Step 4 — Sensor Threads: Fill Buffers
Each sensor thread runs a tight loop that reads data from hardware and calls the appropriate update_* helper. Every helper acquires the per-camera (or per-proprio) mutex, copies the data into the pre-allocated buffer, and releases the mutex — all in one atomic operation.
Buffer Update Reference
| Helper | Updates | When to call |
|---|---|---|
update_image |
Image pixel buffer | Every camera frame (e.g. 30 Hz) |
update_depth |
Depth map buffer | Every camera frame for depth-capable cameras |
update_intrinsics |
3×3 camera matrix K | When focal length or zoom changes |
update_extrinsics |
4×4 camera-to-world T | Every frame for any camera that moves (wrist, head, etc.) |
update_proprio |
Proprioception float vector | Every state read (e.g. 500 Hz for joint encoders) |
update_image
Writes new pixel data into the camera's image buffer.
def _camera_loop(self, name: str) -> None:
while self._running:
# Read a new frame from the camera hardware.
frame = camera_driver.capture_rgb(name) # np.ndarray (H, W, 3) uint8
# update_image acquires the per-camera lock, copies 'frame' into
# self.images[name] in-place, then releases the lock.

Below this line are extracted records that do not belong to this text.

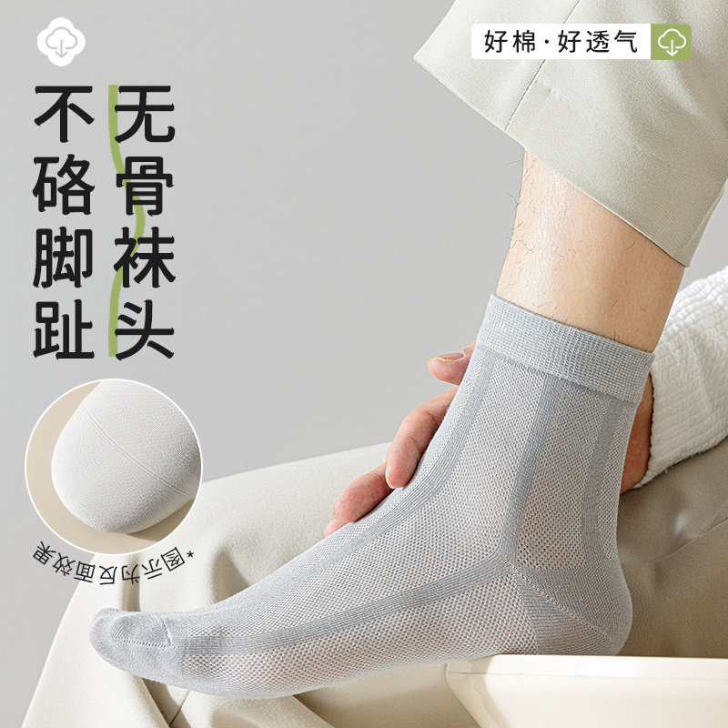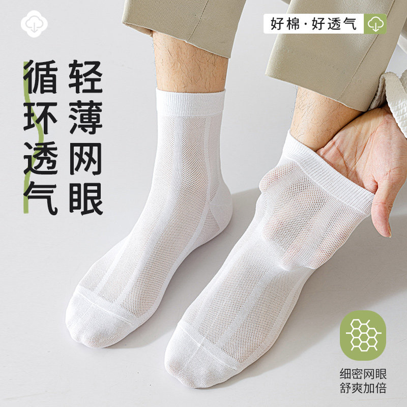 📚 诸暨袜子男士中筒袜夏季薄款网眼透气长筒袜纯棉防臭夏天男款长袜
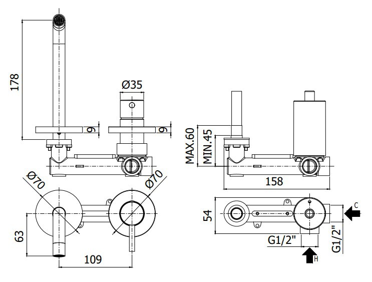 BATERIA UMYWALKOWA PODTYNKOWA 178MM
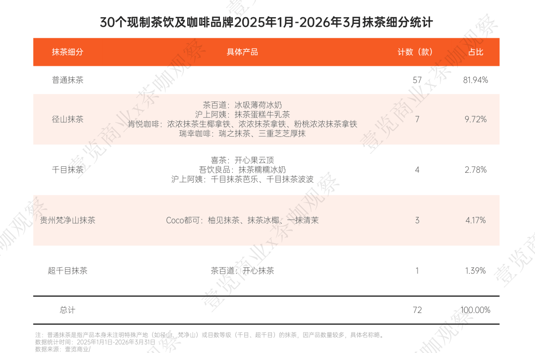 在品质分级上,喜茶、茶百道、沪上阿姨等品牌已明确标注“千目”“超千目”等细度等级,与此同时,品牌对抹茶原料品质的追求也在升级。尽管普通抹茶仍占据81.94%的大盘,但高端化、产地化的新品正在加速抢占市场。
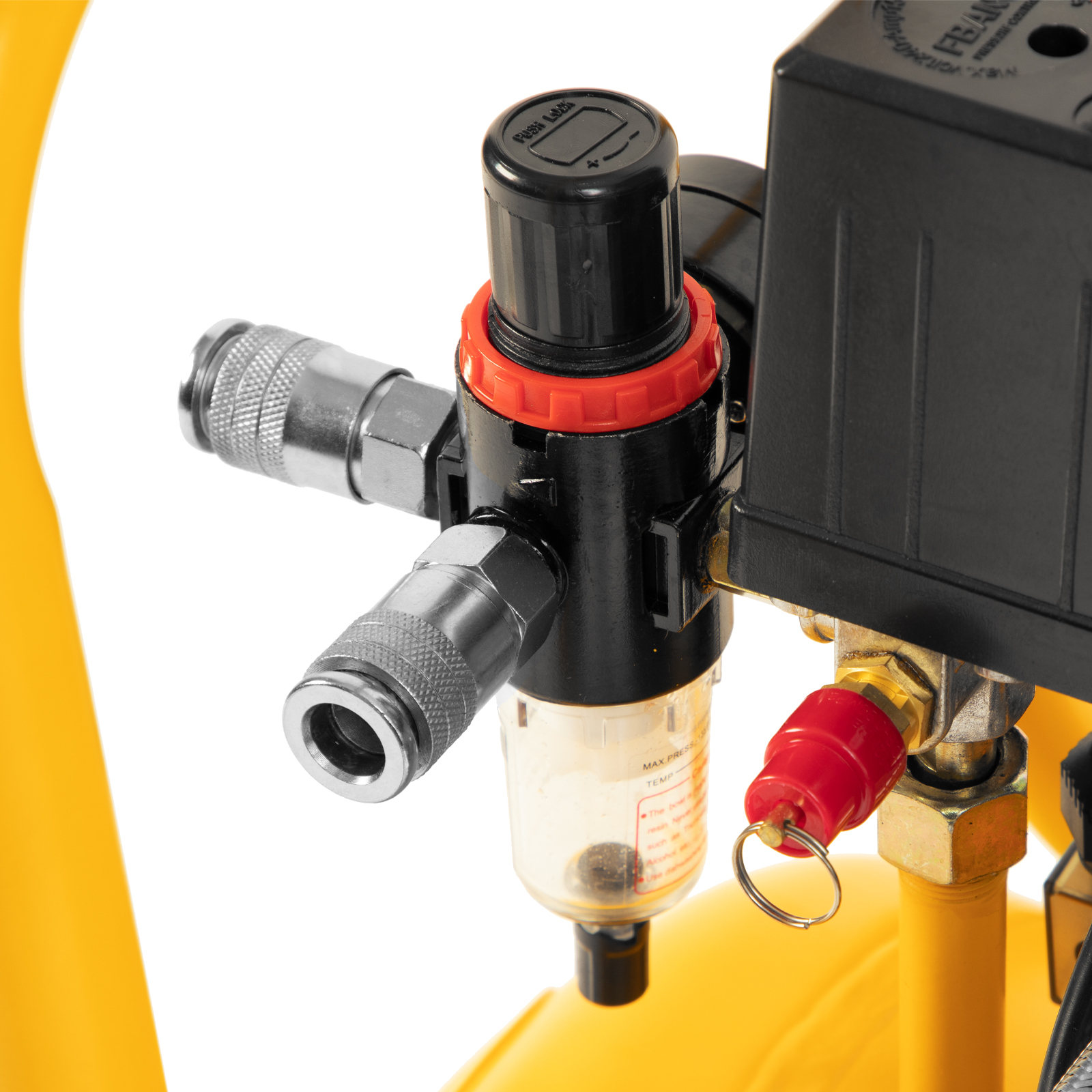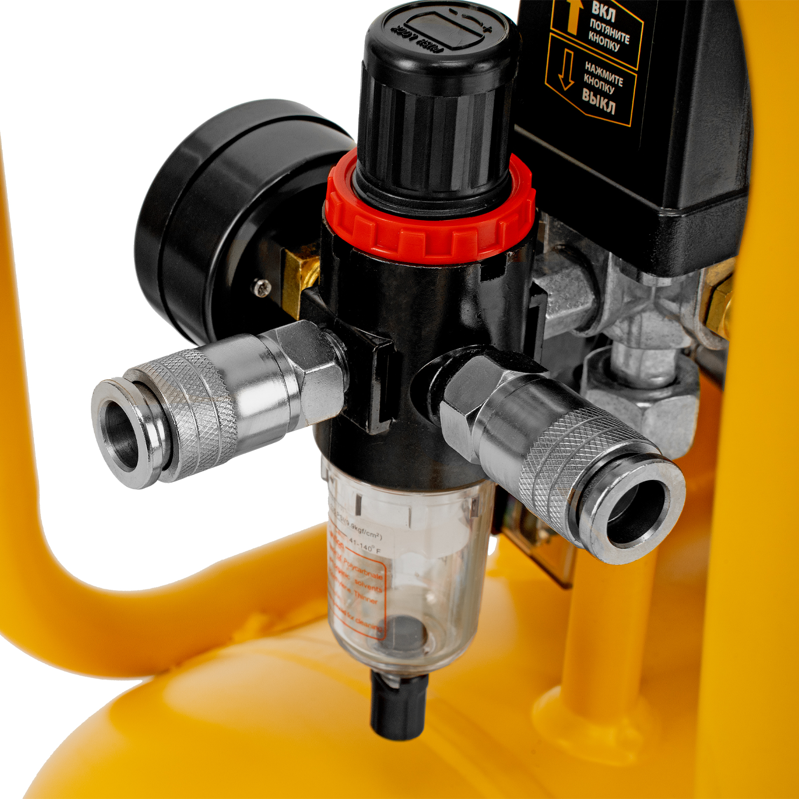 - Высокое качество очистки воздуха — фильтры надежно задерживают посторонние частицы, а влагоотделитель препятствует попаданию конденсата в пневмомагистраль.

self.update_image(name, frame)
time.sleep(1 / 30)
void camera_loop(std::size_t idx) {
while (running_) {
// Read a new frame from the camera hardware.
// frame must contain exactly H*W*C bytes.
std::vector<uint8_t> frame = camera_driver.capture_rgb(idx);
// update_image acquires cam_mutexes_[idx], memcpy's frame into
// images_[idx], then releases the mutex.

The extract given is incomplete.